Nanogenerators of different types of ZnO nanostructures (i.e., nanorods, nanoparticles, nanoflowers) have been reported [30, 31, 32, 33, 34]. For example, Saravanakumar et al. reported a nanogenerator fabricated using vertically grown ZnO nanowires with surrounding PDMS, with output values of 6 V/4 nA/0.39 nW cm−2 under finger bending [35]. Rahman et al. used ZnO nanoparticles dispersed into a PDMS film, achieving output values of 20 V/20 μA/20 μW, with finger tapping [36]. As another example, ZnO nanoflowers were mixed with multiwalled carbon nanotubes and PDMS, with an output of 75 V/3.2 μA/260 mW cm−2 being obtained. In this case, the devices were tested in the soles of human shoes with the force being applied by a person walking [37].
1.1 Synthesis and applications of porous ZnO nanostructures
Despite all the established applications of ZnO, the research involving this semiconductor has not yet diminished, mostly due to the continuing development of new synthesis technologies and applications. For instance, ZnO nanomaterials can be easily synthesized into tailored sizes and morphologies at low temperatures (< 200 °C) by a variety of methods, including chemical bath deposition [38], electrodeposition [39], chemical vapor deposition [40], electrospinning [41], laser assisted flow deposition [42], and solvothermal [16] or hydrothermal [43, 44] synthesis, either by conventional or microwave-assisted heating [4, 45].

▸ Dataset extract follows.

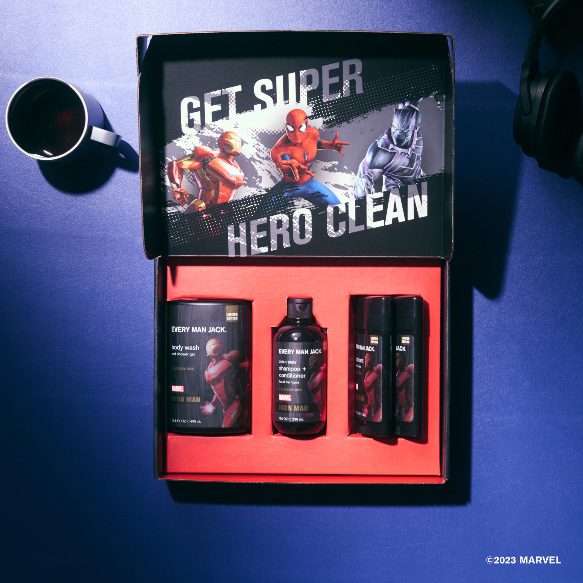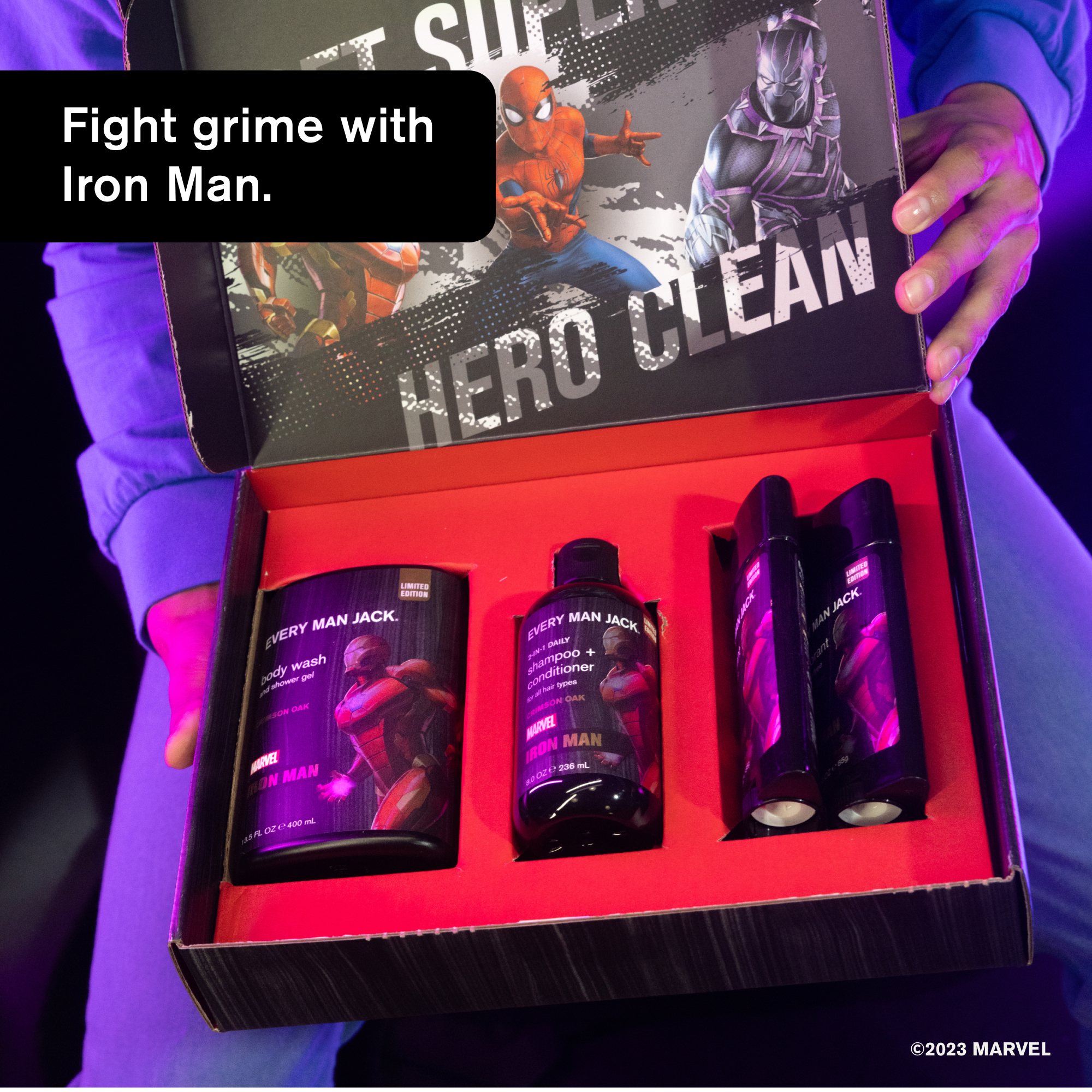 Every Man Jack Iron Man Body Set - Perfect for Every Guy & Marvel-Lover - Bath and Body Marvel Gift Set with Clean Ingredients & Incredible Scents - Includes Body Wash, Shampoo & Deodorant 2-Pack

Porous oxide semiconductor nanomaterials, particularly two-dimensional (2D) materials with nanoscale thickness, are promising candidates due to their usually large specific surface areas that can improve their performance in several applications [46, 47, 48, 49, 50, 51]. These nanomaterials can inclusively assemble into three-dimensional (3D) hierarchically structures with controlled morphology and dimensions which can lead to novel properties and applications [52]. The self-assemble technique is a facile method to produce 3D hierarchical structures where low-dimension building units aggregate spontaneously into high-dimensional architectures. This technique offers many advantages over other methods as it can be performed at low temperatures using low-cost materials while having high yield for scale production [52].
An indirect way to produce porous 3D ZnO structures has been recently developed by thermal decomposition of layered zinc hydroxide (LZH) precursors [52]. LZHs are usually composed of positively charged zinc hydroxyl layers intercalated by anions that balance the overall charge and water molecules [53]. The anions in LZH generally include CO32−, SO42−, NO3−, Cl−, CH3COO− [50, 53, 54, 55, 56, 57, 58]. These LZH precursors are fabricated with the desired morphology and then converted into porous ZnO nanomaterials by a calcination process at high temperatures [59]. During calcination, the precursors release gaseous molecules and, consequently, the original structure contracts and pores are formed throughout the structures [52].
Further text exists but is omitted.